WHAT YOU HAVE TO DO
In the listing that follows, the lines starting at the one containing "2018年6月22日,中国专" and ending at the one containing "Kitchen is fully" are to be returned exactly, both boundary lines included, and no others.

RECORDS FOR THIS TASK
########

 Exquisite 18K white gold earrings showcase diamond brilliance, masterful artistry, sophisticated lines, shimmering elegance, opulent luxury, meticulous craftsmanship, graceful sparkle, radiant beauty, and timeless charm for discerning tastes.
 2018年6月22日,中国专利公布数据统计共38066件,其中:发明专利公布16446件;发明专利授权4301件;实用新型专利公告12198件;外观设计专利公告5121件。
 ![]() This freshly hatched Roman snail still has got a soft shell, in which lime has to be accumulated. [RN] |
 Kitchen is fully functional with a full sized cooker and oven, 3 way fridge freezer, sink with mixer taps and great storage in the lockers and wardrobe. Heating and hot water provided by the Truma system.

########

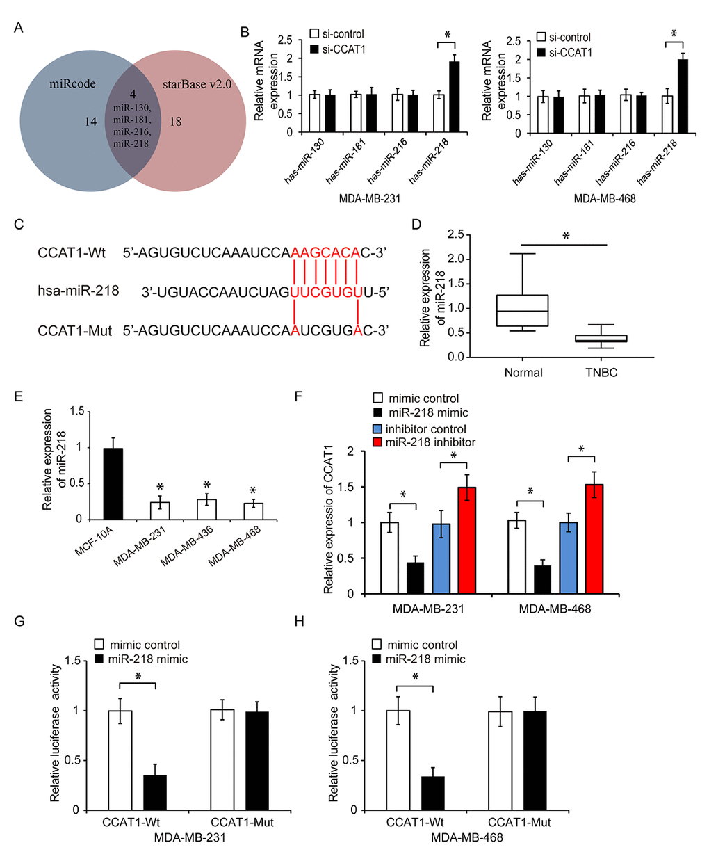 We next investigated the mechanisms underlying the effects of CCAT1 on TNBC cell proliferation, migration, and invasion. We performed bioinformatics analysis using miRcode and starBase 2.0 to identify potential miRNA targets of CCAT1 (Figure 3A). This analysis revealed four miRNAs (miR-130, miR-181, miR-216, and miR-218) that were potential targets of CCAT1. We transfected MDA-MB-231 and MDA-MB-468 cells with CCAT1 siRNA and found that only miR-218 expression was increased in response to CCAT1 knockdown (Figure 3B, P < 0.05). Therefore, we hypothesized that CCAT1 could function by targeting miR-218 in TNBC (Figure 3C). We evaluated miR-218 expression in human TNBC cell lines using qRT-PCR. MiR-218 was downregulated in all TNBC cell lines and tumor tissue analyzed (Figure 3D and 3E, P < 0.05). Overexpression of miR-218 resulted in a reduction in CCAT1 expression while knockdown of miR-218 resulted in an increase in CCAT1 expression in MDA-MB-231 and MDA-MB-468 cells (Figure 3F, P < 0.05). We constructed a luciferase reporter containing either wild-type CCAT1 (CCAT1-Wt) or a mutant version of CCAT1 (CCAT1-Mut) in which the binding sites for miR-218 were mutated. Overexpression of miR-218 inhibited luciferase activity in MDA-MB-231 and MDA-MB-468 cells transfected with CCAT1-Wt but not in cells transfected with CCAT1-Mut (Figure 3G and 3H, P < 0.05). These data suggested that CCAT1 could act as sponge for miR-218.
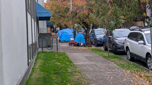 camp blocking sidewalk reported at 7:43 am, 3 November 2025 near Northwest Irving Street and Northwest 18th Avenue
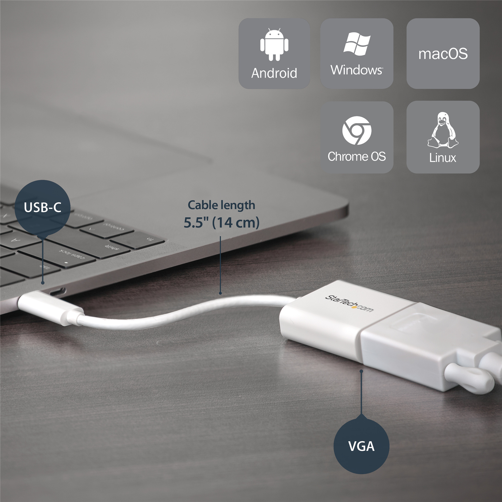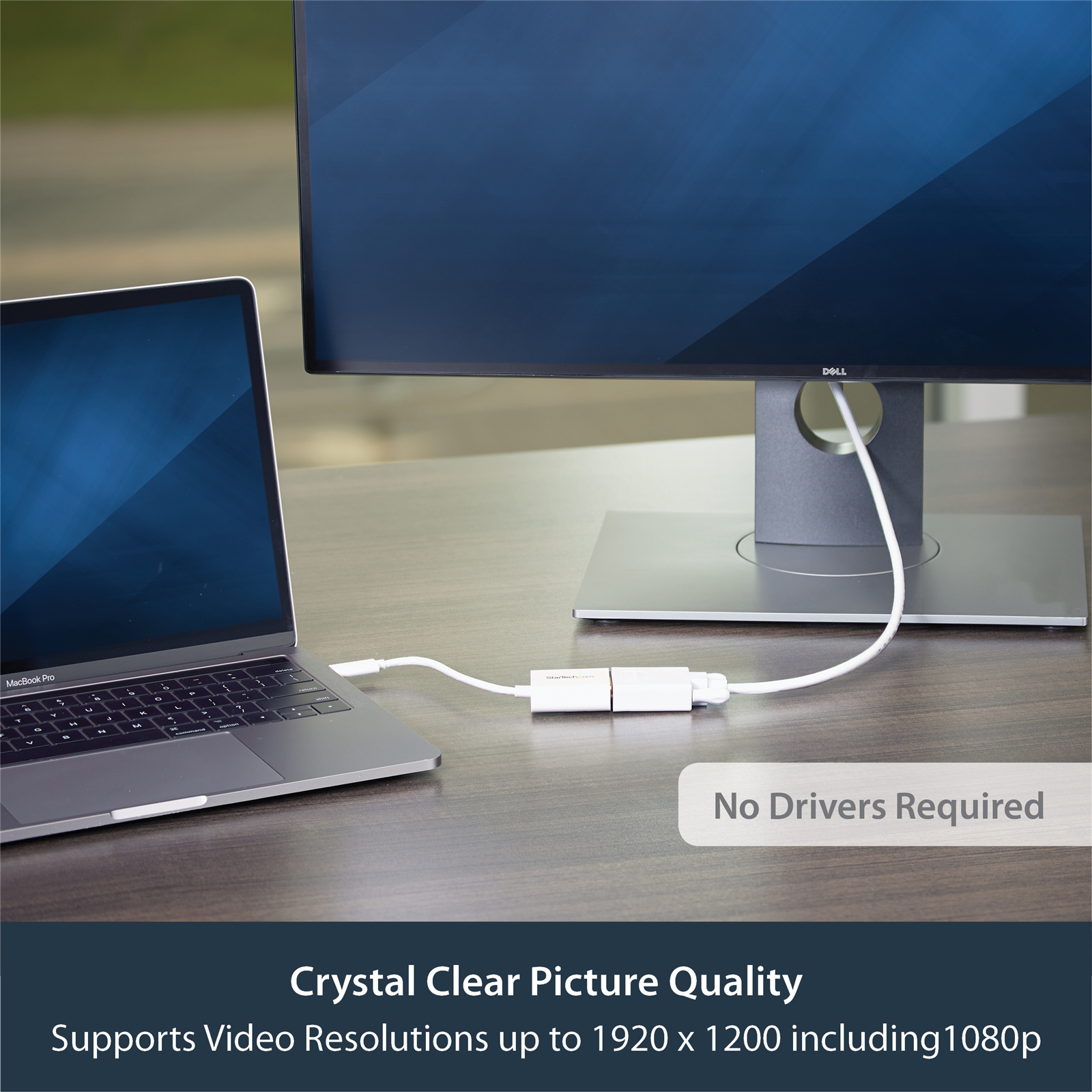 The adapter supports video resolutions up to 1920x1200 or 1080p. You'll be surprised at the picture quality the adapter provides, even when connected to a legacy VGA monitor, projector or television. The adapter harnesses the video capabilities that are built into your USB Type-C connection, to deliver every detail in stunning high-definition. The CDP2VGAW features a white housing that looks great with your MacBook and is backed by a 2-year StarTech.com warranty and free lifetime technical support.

########

RESPONSE TO THE EXERCISE
 2018年6月22日,中国专利公布数据统计共38066件,其中:发明专利公布16446件;发明专利授权4301件;实用新型专利公告12198件;外观设计专利公告5121件。
 ![]() This freshly hatched Roman snail still has got a soft shell, in which lime has to be accumulated. [RN] |
 Kitchen is fully functional with a full sized cooker and oven, 3 way fridge freezer, sink with mixer taps and great storage in the lockers and wardrobe. Heating and hot water provided by the Truma system.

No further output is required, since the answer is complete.